** Opening Records for processing block **

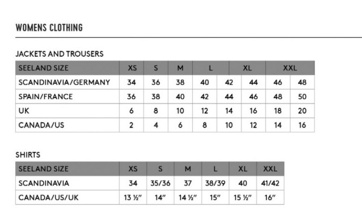 | UK | 6 | 8 | 10 | 12 | 14 | 16 | 18 |
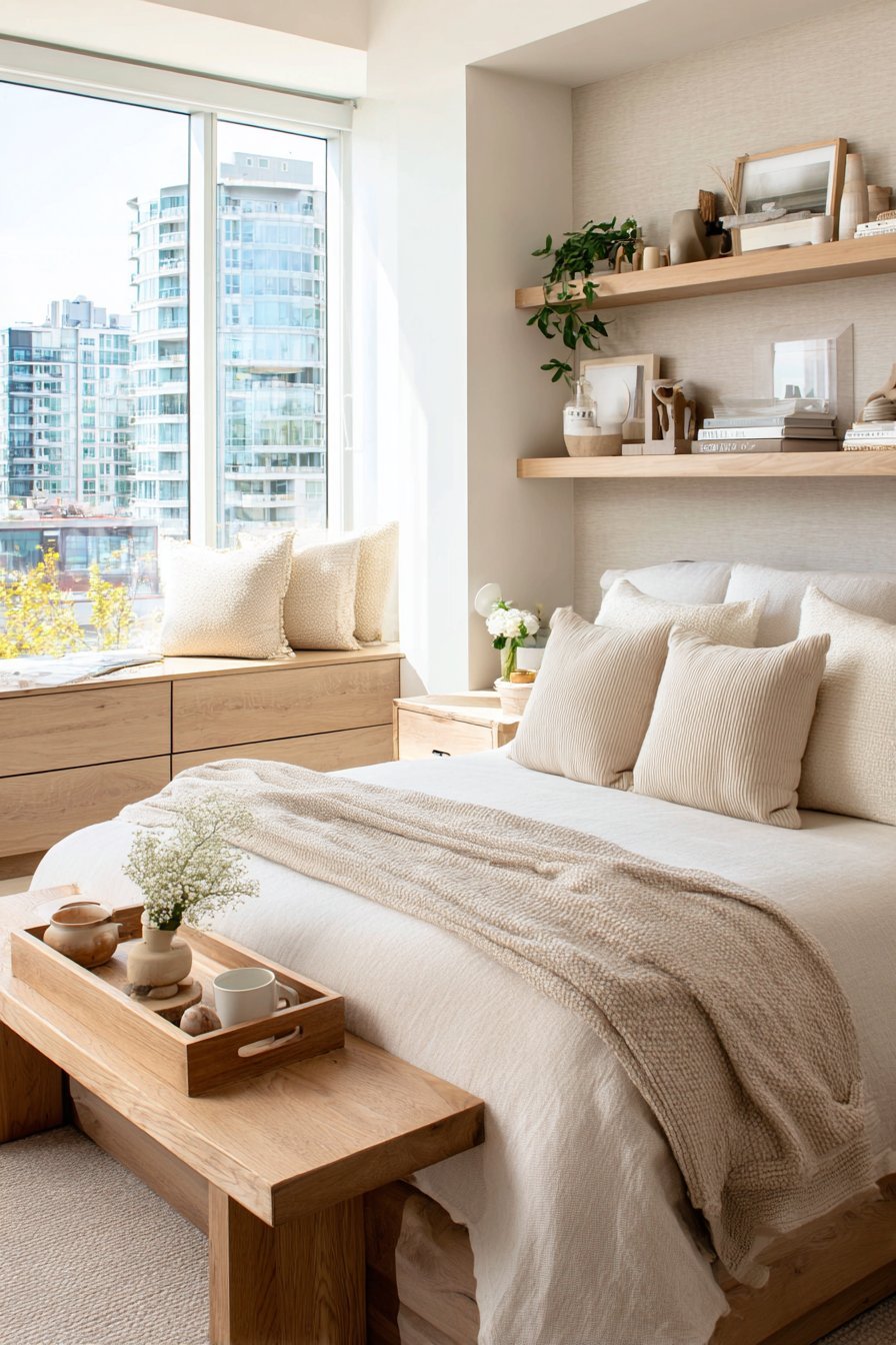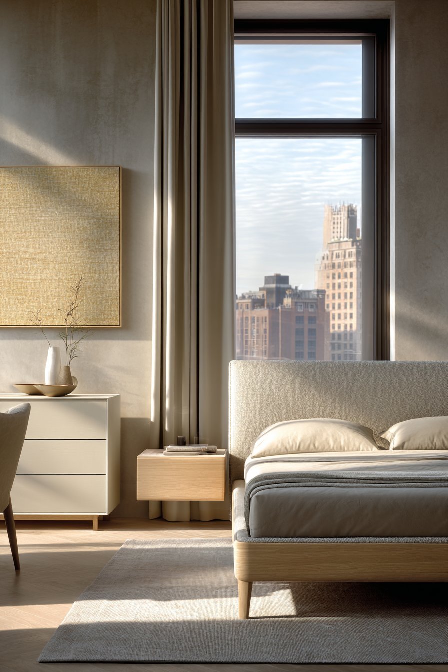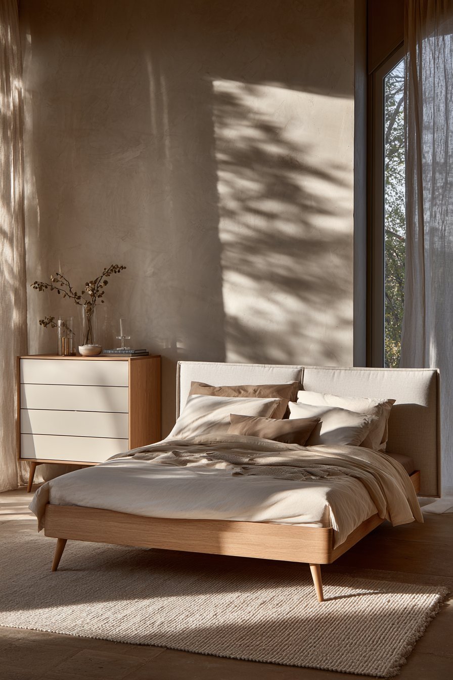 A low-profile platform bed in light wood or upholstered in beige linen becomes the room’s focal point. This style keeps sight lines open and creates a grounded, peaceful feeling. Avoid tall, heavy headboards that dominate the space. Instead, opt for something simple that complements rather than commands attention.
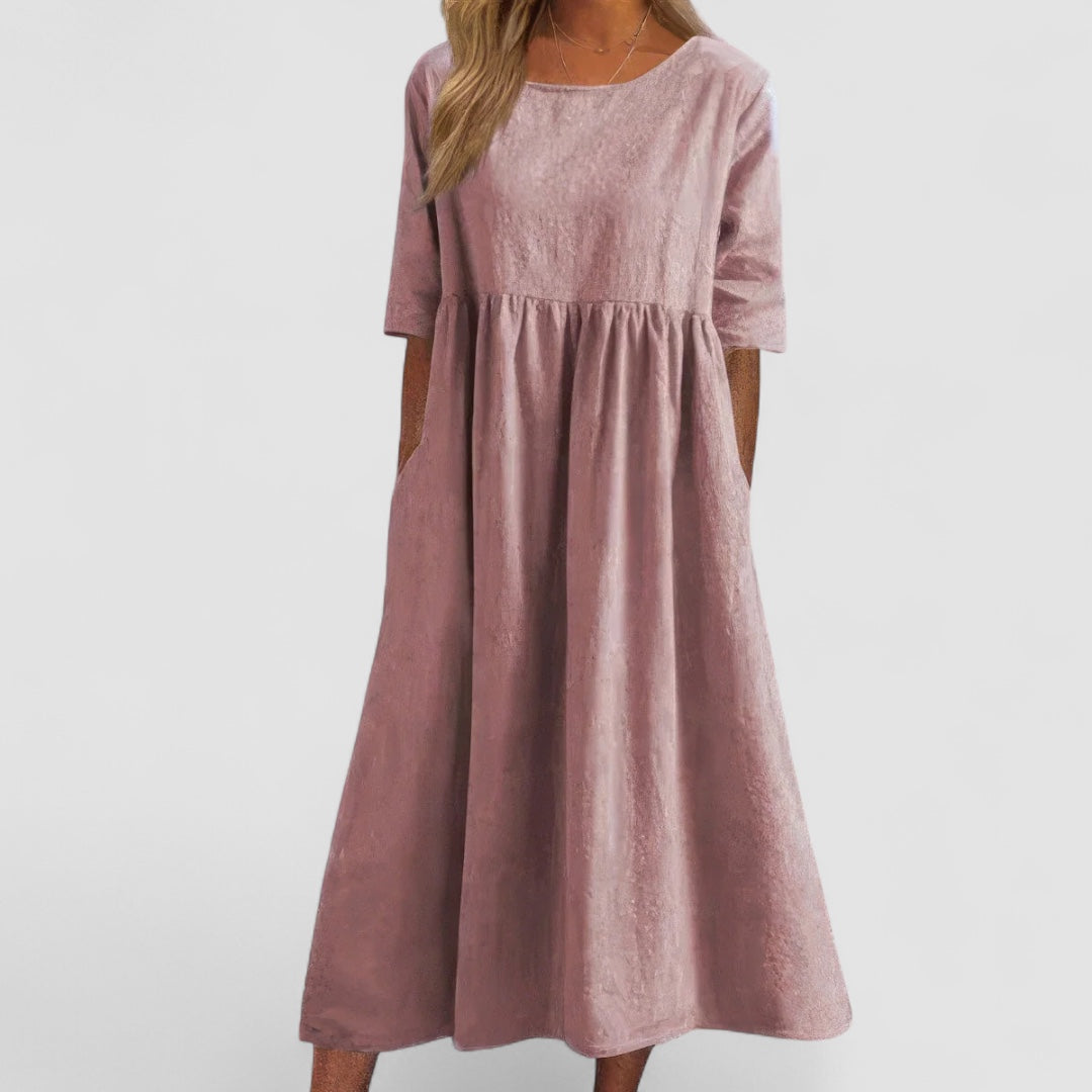 Tired of stiff dresses that don't flatter your figure? The Cotton Pocket Dress Elsa™ is the solution! With a soft fabric, flattering fit, and practical pockets, it makes your day both easy and stylish.
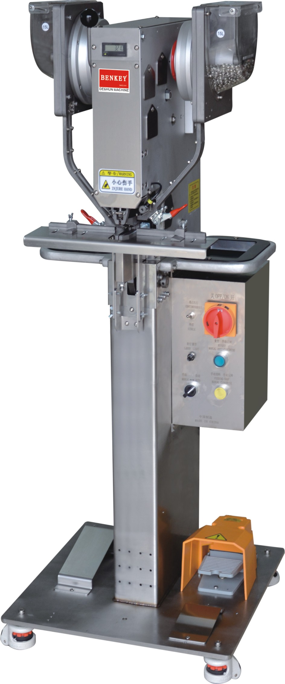 用途: 适用于各類五爪扣、牛仔扣、工字扣、金屬四合扣、塑膠四合扣、大白扣、車縫扣、西褲扣、撞釘、雞眼、急鈕等鈕扣制品裝訂。 說明: 把鈕扣放進對應的4個料鬥,開機會自動轉動料鬥,自動把鈕扣排滿軌道,自動把鈕扣送到上下模具,電動伺服馬達帶動,隻要踩下踏腳開關便可裝訂自如,簡單易用。上下模具對向運動,穿透力好。更換配件可以裝訂其它鈕扣。 安全: 伺服馬達帶動,PLC控制,裝配先進的防打手感應裝置,機器運作中如手指在模具下,機器會感應到手指,立即停機并自動恢複到停機位置,不會壓傷手指。 配置: 1、有CE認證的電子安全防打手裝置 2、鈕扣自動供應裝置(免手工放鈕扣,安全) 3、裝釘壓力緩沖自動調節器(布料厚薄不用調節) 4、自動計數器 5、可調亮度的鐳射燈對位裝置 6、有連打,單打2種裝釘模式選擇 7、有自動,手動2種運作模式選擇 8、可以調節的定位闆(五爪扣,四合扣适用) 9、裝有方便移動的腳輪 10、裝有人體工程學的左腳踏闆 11、采用可調速度,恒扭矩的伺服馬達 12、裝訂速度可調 13、送料馬達運轉時間長短可調 特點: 裝有歐盟CE安全認證的安全防打手功能。 |
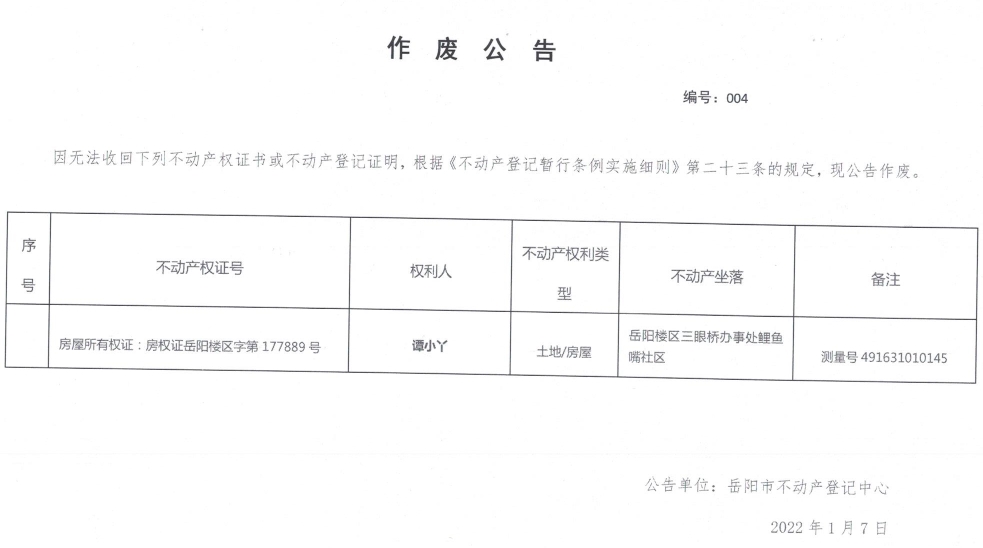 作废公告 编号:004(谭小Y)
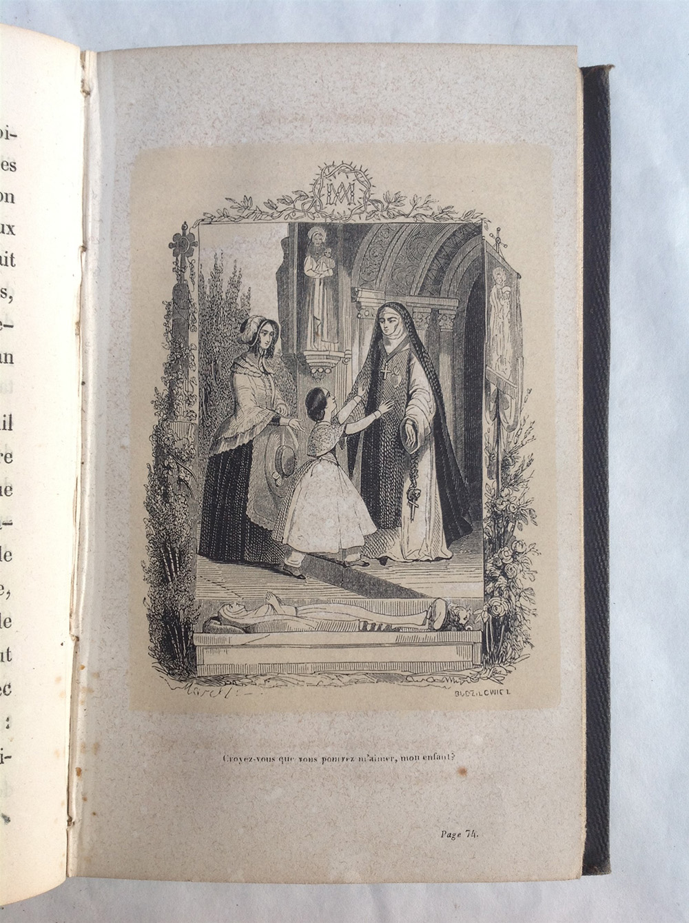 DE GRUNE, M. Le chateau et la ciaumiere. Parigi: Lehuby, 1850 ca. Volume in 8vo con tavola al frontespizio. Figure fuori testo (fioriture). Legatura romantica del tempo in tela e oro.

** Closing Records for processing block **

# Your objective:
Only the lines from the beginning of the listing through the line with "A low-profile platform", both ends included, are to be repeated exactly; pictures stay out.

# Result below:
 | UK | 6 | 8 | 10 | 12 | 14 | 16 | 18 |
 A low-profile platform bed in light wood or upholstered in beige linen becomes the room’s focal point. This style keeps sight lines open and creates a grounded, peaceful feeling. Avoid tall, heavy headboards that dominate the space. Instead, opt for something simple that complements rather than commands attention.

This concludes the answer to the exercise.